* Work instruction *
Starting at the first line of the entries below, please return exactly each line up to and including the one with "三块木头《我们啊》吉他谱 - G调弹唱六线谱"; pictures stay out.

* Data for this exercise *
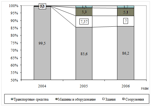 - совершенствование структуры основных производственных фондов – доля активной части основных фондов предприятия возросла за 2004-2006 гг. с 0,2% до 6,77%;
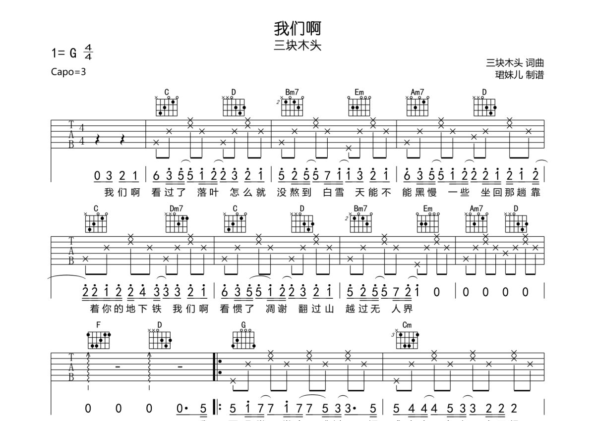 三块木头《我们啊》吉他谱 - G调弹唱六线谱
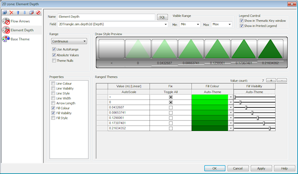 The most valid range settings for your previous selections are selected by default. You can select the range settings you require if the default ones are not suitable. Range Settings are: Continuous. Displays objects differently based on a series of ranges of a parameter. Suitable for parameters with continually variable values, such as depth or flow. Individual. Displays objects differently based on individual values (rather than ranged values) of a parameter. Suitable for parameters with a small number of discrete values. Flag. This is a special case of the Individual settings where the discrete value being displayed is the data flag. Use AutoRange - With this option checked, ICMLive Operator Client automatically re-scales the values if you open a different network. Relative Palette - ICMLive Operator Client will apply the selected set of colours in the Ranged Themes Grid to the area currently being viewed on the GeoPlan. Values are automatically re-scaled when the GeoPlan zoom is changed. (Applies to Flood, Ground Model and Rainfall themes.) Absolute Values - Removes any sign and simply uses the absolute value of the parameter. Ideal for flow or velocity to remove the effect of direction. For example, flow will be negative if it is from the downstream to upstream end of a pipe in a simulation. This negative value would probably be misleading in a theme. Theme Nulls - Allows the user to set up a theme for field values that have not been explicitly assigned (NULL values). Ticking this box :
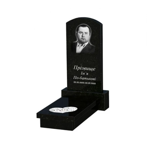 Гранітна плита на могилу з полірованими фасками одинарна із чорного граніту Коростишів з серцем різьблена робота к11-kor-pf-80-40-05-009
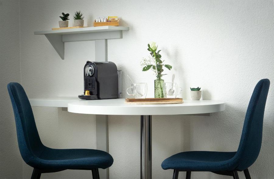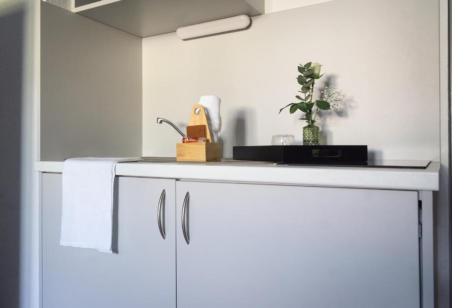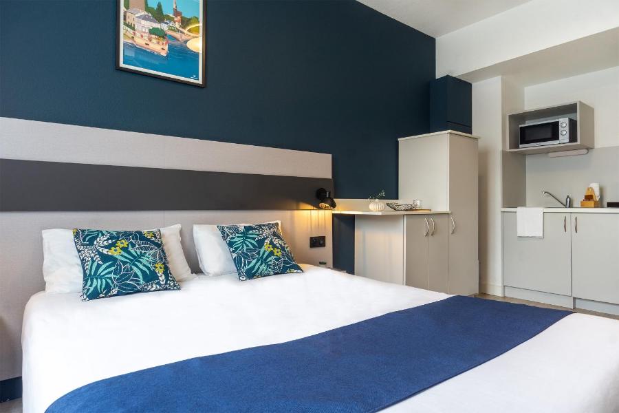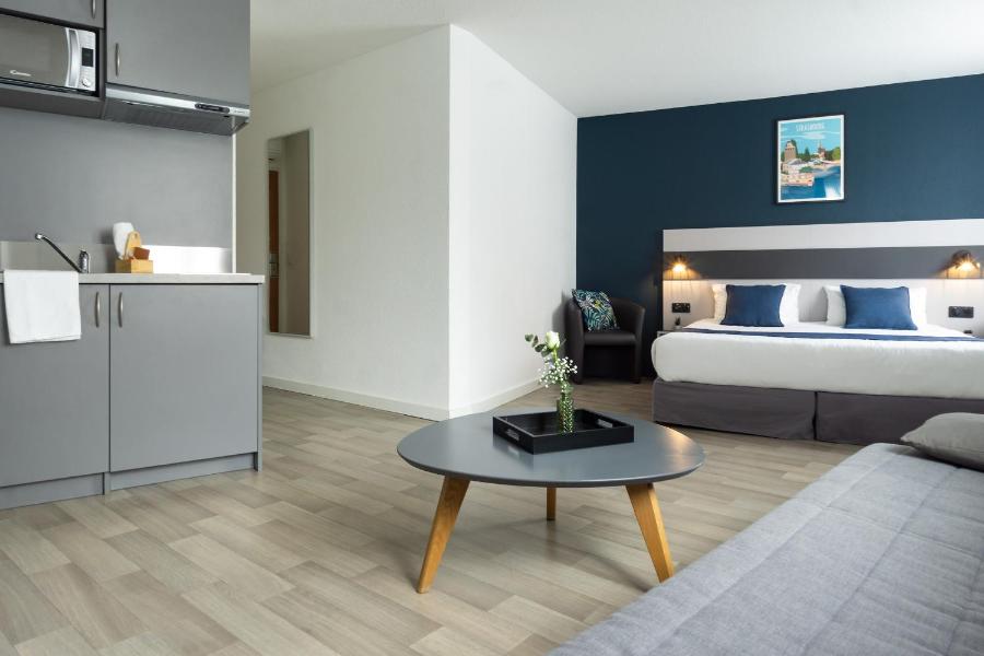 El establecimiento reúne 156 alojamientos distribuidos en estudios y suites, diseñados para acoger tanto estancias cortas como visitas prolongadas. Todos los apartamentos están equipados con una cocina americana, con nevera, microondas, vajilla y utensilios de cocina, permitiendo disfrutar de la estancia a su propio ritmo, sin restricciones. Un rincón comedor complementa este equipamiento, aportando una verdadera flexibilidad de uso, ya sea que viaje solo, en pareja o por motivos laborales.
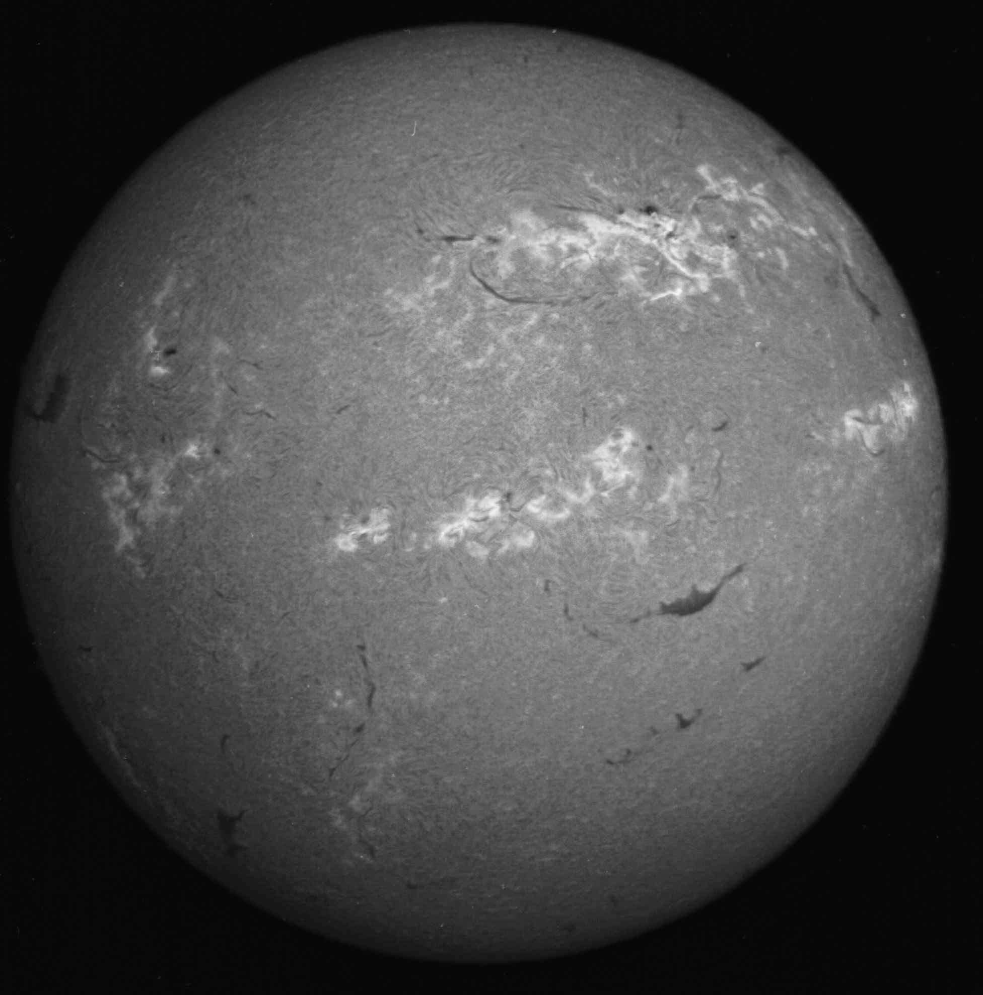 Mit monochromatischen Filtern (Bild links: CaII, Bild rechts: H-Alpha) sind die Fackeln über die ganze Sonne hinweg sichtbar. Diese Filter zeigen die Fackeln in den Schichten über der Photosphäre, in der Chromosphäre. Zur Unterscheidung von Weißlichtfackeln werden chromosphärische Fackeln "Plages" genannt.

* Solution to the problem *
 - совершенствование структуры основных производственных фондов – доля активной части основных фондов предприятия возросла за 2004-2006 гг. с 0,2% до 6,77%;
 三块木头《我们啊》吉他谱 - G调弹唱六线谱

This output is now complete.